____ PROVIDED DATA
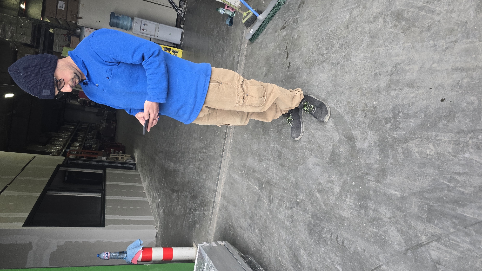 The image displays an indoor industrial or warehouse environment, likely located in Varna, Bulgaria, indicated by the visible "DEVIN" brand water bottle. In the center-right, a male subject stands, wearing a navy blue knit beanie, black-framed glasses, a royal blue long-sleeved polo shirt, tan cargo pants, and black work shoes with neon green laces. He is focused on a black smartphone held with both hands. To the left, a white and red striped bollard has a light blue cloth draped over it, supporting a clear plastic bottle of "DEVIN" water. Behind the bollard, a stack of metallic panels wrapped in clear plastic is present. The background features a partially constructed or renovated wall section with unfinished drywall and a dark-framed window. Further back, dimly lit warehouse shelving is stocked with various items. On the right side of the background, a water cooler, a yellow piece of machinery (possibly a forklift), a broom, and a dustpan are visible. The floor is dark gray concrete, showing scuff marks and minor dark stains.
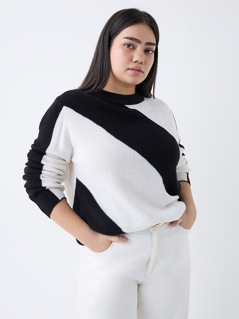 Gia Black Colour-Blocked Knit-Textured Sweater
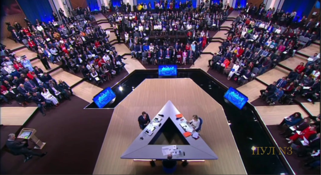Зазначимо, що на цьому заході Путіну не доводилось стояти тривалий час поруч з іншими людьми — він сидів за столом, де не видно його ніг. При цьому знімали Путіна з вигідних ракурсів.
________
WHAT THE TASK REQUIRES:
What belongs in the answer is each line above, reproduced exactly, and no picture.

THE ANSWER:
 The image displays an indoor industrial or warehouse environment, likely located in Varna, Bulgaria, indicated by the visible "DEVIN" brand water bottle. In the center-right, a male subject stands, wearing a navy blue knit beanie, black-framed glasses, a royal blue long-sleeved polo shirt, tan cargo pants, and black work shoes with neon green laces. He is focused on a black smartphone held with both hands. To the left, a white and red striped bollard has a light blue cloth draped over it, supporting a clear plastic bottle of "DEVIN" water. Behind the bollard, a stack of metallic panels wrapped in clear plastic is present. The background features a partially constructed or renovated wall section with unfinished drywall and a dark-framed window. Further back, dimly lit warehouse shelving is stocked with various items. On the right side of the background, a water cooler, a yellow piece of machinery (possibly a forklift), a broom, and a dustpan are visible. The floor is dark gray concrete, showing scuff marks and minor dark stains.
 Gia Black Colour-Blocked Knit-Textured Sweater
Зазначимо, що на цьому заході Путіну не доводилось стояти тривалий час поруч з іншими людьми — він сидів за столом, де не видно його ніг. При цьому знімали Путіна з вигідних ракурсів.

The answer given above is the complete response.